So results day, January 13th is here. D-Day, or rather C-Day. So after much cajoling, I agreed to take Catherine with me for my 4 pm meeting; sorry, appointment. I had a 10 am in Manchester which was great because it kept me occupied and I love driving so it was a great way to while away the time. I love work so the meeting kept my brain on charge and I didn’t have the time to dwell on what might be.

So we got to the hospital for about 3.40, purchased one of their extortionate and pretty shit coffees before we walked round to the temple of doom. We got ushered into one of the “crying” rooms and sat around a knee-high round table with four chairs and a box of tissues. A doctor and two nurses (wearing black uniforms) were there. Not exactly boding well, is it?

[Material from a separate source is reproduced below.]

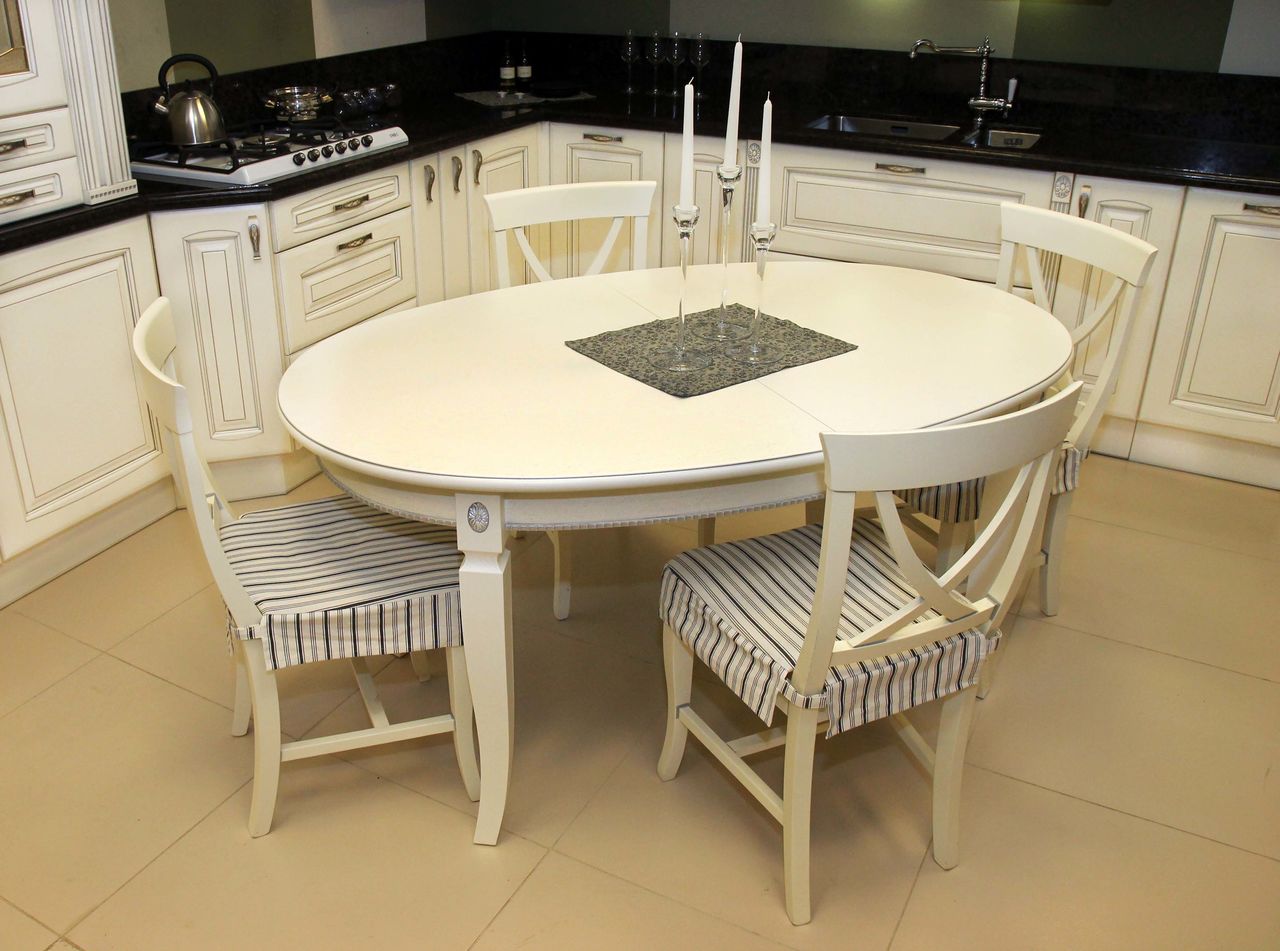 Les tables ovales sont principalement présentées sous la forme de modèles de meubles coulissants, ce qui est une propriété très pratique. Étant donné que les jours ordinaires, vous avez une petite table sur laquelle toute la famille est placée, et les jours fériés, lorsque des amis et des parents viennent chez vous, elle peut facilement être transformée en une table pouvant accueillir un plus grand nombre de personnes.

“Vicki, we have some news for you, sadly you do have cancer…” Before he could continue, I interrupted.

“Okay, can I stop you there? So is it fixable?”

“Oh yes, of course it is.” It was his incredulous tone that sealed it for me.

“Brilliant. Right, okay, that’s great, carry on, what do we have to do?” I settled back in my chair and all I could think about what that I was going to survive. Fucking yippee. I think the word is euphoric – that’s how I felt.

“You have grade two invasive ducal carcinoma and…”

I honestly can’t tell you the rest of the conversation because in my head I’m doing cartwheels. YES, I’m going to survive… excellent! The rest of this horror story I can do, it’s just a process. So the plan; chemo first to help reduce the size of the cancer, then an operation to remove it, then radio. Yup, I can do this. It’s fine! Sure, it’s going to be horrific and I’ll be bald BUT I’m not going to die. HURRAH!!

They wanted me to have the operation on the 22nd but I’ve got a dinner to go to that I’ve really looked forward to. Cath nearly had kittens.

I’m not sure my reaction was what they’d expected. In fact, I know it wasn’t but the bit they all failed to realise was that I already knew, and I’d spent two weeks papping myself that I was going to die. So this is great news. It’s fixable, I get to spend the critical illness money I should be getting. Not quite the attitude, I know, but you’ve no idea how relieved I am.

So the first doctor leaves, he was very lovely, I think he was bad news cop to make way for good news cop. What a lovely gentleman, he came in and was really gentle with me, he explained the plan and what was going to happen in the next couple of weeks before chemo started. I told them I had private health cover. This is an absolute godsend for people like me who have a business. The flexibility it gives is awesome. It also means I can have chemo at home if I chose, appointment times to fit with me and choices… I like choices.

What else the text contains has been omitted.